**SUPPLIED MATERIAL:**
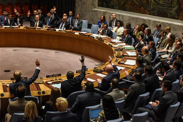 Biểu quyết nghị quyết trừng phạt Triều Tiên ngày 11.9 tại Hội đồng Bảo an Liên Hợp Quốc ở New York. Ảnh Reuters
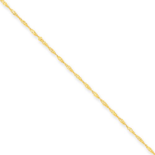 This 1mm width, diamond-cut Singapore chain is crafted from 14k yellow gold and closes a spring ring clasp. Children's 14-inch length.
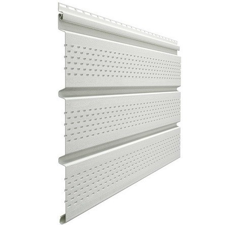 Софит Docke – это виниловая панель, предназначенная для отделки горизонтальных поверхностей: фронтонов, карнизов, потолков открытых террас и т.д. Особенностью софитов является наличие перфорации для правильной вентиляции подкровельного пространства и предотвращения попадания в деревянные конструкции насекомых и вредителей. Помимо функции защиты и проветривания, софиты помогут придать зданию законченный вид, скрыть места переходов от вертикальных поверхностей к горизонтальным. Длина профиля – 3,0 м Рабочая ширина – 305 мм Рабочая площадь – 0,92 м² Преимущества виниловых софитов Döcke неоспоримы. Это удобство использования, легкий вес, широкая сфера применения, высокая механическая прочность и стойкость к атмосферным осадкам. Практически полное отсутствие необходимости в уходе в течение всего срока службы. Монтаж подкровельных софитов можно осуществить своими силами в короткий срок. Используя оригинальные аксессуары для отделки фасада, вы не только получите профессиональный результат, но и обеспечите себя десятками свободных от ремонта часов в будущем. Достаточная естественная вентиляция подкровельных пространств является необходимым условием долгосрочной правильной эксплуатации загородных строений. Даже обработанные антисептическими составами деревянные конструкции могут быть подвержены намоканию и гниению без эффективного проветривания.
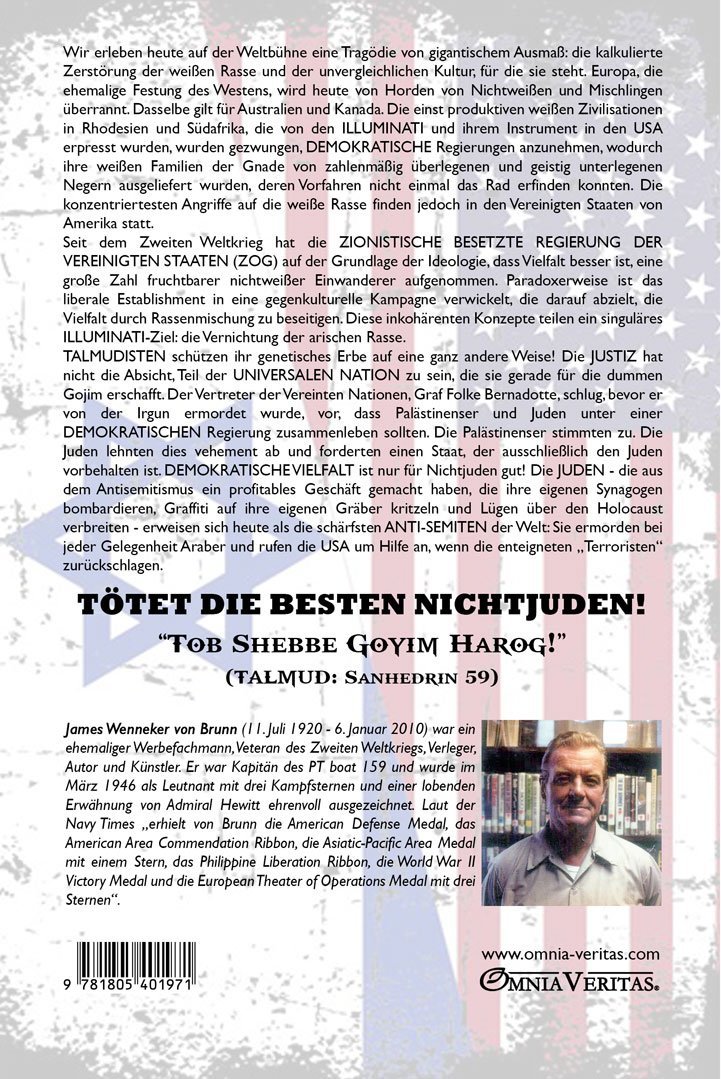 Seit dem Zweiten Weltkrieg hat die ZIONIST OCCUPIED GOVERNMENT OF THE UNITED STATES (ZOG) eine große Anzahl fruchtbarer nichtweißer Einwanderer willkommen geheißen, basierend auf der Ideologie, dass Vielfalt besser ist. Paradoxerweise ist das LIBERALE Establishment in eine Gegenkulturkampagne verwickelt, die darauf abzielt, Vielfalt durch Rassenmischung zu beseitigen. Diese widersprüchlichen Konzepte haben ein einziges Ziel der ILLUMINATI gemeinsam – die Zerstörung der arischen Rasse.

**PROBLEM TO SOLVE:**
Output, exactly as written, only the lines from the beginning of the listing through the line containing "This 1mm width, diamond-cut", both included, and no pictures.

**EXERCISE RESULT:**
 Biểu quyết nghị quyết trừng phạt Triều Tiên ngày 11.9 tại Hội đồng Bảo an Liên Hợp Quốc ở New York. Ảnh Reuters
 This 1mm width, diamond-cut Singapore chain is crafted from 14k yellow gold and closes a spring ring clasp. Children's 14-inch length.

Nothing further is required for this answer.